Geçen günlerde PTT 1. Ligi'nde üst sıralarda mücadele eden güçlü bir takımla, ligin dibine demir atan ve düşmesi kuvvetli bir ihtimal olan iki ekibin karşılaşması vardı. Maç  hedefi şampiyon olan güçlü bir ekibin evinde oynanmasının bazı şark kurnazlarının iştahını kabarttığı söyleniyor. Gelin görün ki o şark kurnazları kuvvetli olan ekibin yenilmesini isteyip, hiçbir iddiası olamayan rakibin yenmesini istemiş. Sahadaki oynayan oyuncu da bu talebi geri çevirmeyerek, sanki rakip takım playoff için savaşırcasına güçlü olan takımın 90 dakika boyunca kafasına kafasına vurmuş ve galip gelmeyi başarmış. Peki bu ezilen takım hangisi? Maalesef bahsi geçen takım Antalyaspor.
Bu durum sizlere de garip gelmiyor mu sevgili okuyucular. Pekâlâ futbolda olmazsa olmaz olabiliyor. Ancak bu hezimet sonrası bir o kadar garabet söylentilerin olması mide bulandırıcı oluyor. Tüm olumsuzluklar bir kenara ahali, takım giderek Süper Lig hedefinden uzaklaşıyor. Kendi sahasında üst üste gelen puan kayıpları fırtına öncesi sessizlik gibi... 

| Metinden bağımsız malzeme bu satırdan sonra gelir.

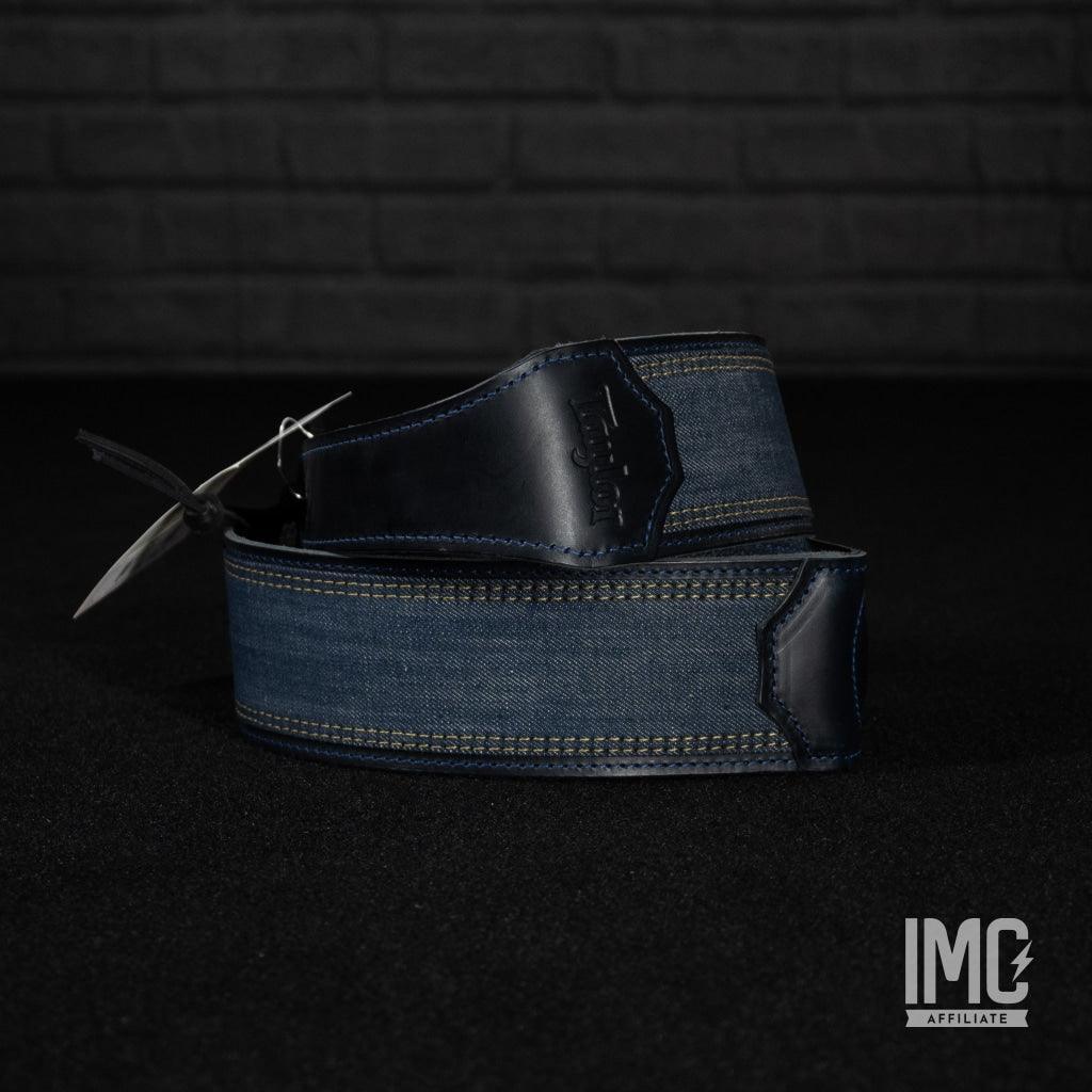 he Taylor Blue Denim Guitar Strap is a perfect harmony of leather and cotton, double-stitched with precision. At 2" wide, this strap provides comfortable support on the shoulder with enough freedom to let you move while you play. It also features a gold embossed Taylor logo and is a true American standard strap. Made in the USA

Sahada yer alan iki takım, o gün sabaha kadar oynasa skor tersine sonuçlanmazdı. Vahim olan durum da, hezimetin faturasını kesmek için kılçıkları ayırmaya çalışan yönetim kurulu dün kendi günahlarını örtpas edebilmenin biletini kesti. Sözüm ona yönetim kurulu, eğer kendine günah keçisi arıyorsa bunu oyuncuları tek tek cezalandırarak yapmamalı. Keza böyle bir hata yapıldıysa başta teknik ekip olmak üzere takımın hepsine ceza verilmelidir. Tabi kendileri rahat koltuklarını bırakamadıklarından cefasını bu renklere gönül verenler çekiyor. 
Bu günlerin hesabı da sorulacaktır elbet. Bu takımı bu hale düşünenler önce faturayı kendilerine çıkarmalıdırlar. Bu gidişattan camiada  hiç kimse memnun değil. 
Bence pek yararı olmayacak ama oyunculara kesilen cezalar, kaybedilen puanları geri getirmeyecektir. Dolayısıyla önümüzdeki her maç daha büyük engel teşkil etmektedir. 
Sporla kalın.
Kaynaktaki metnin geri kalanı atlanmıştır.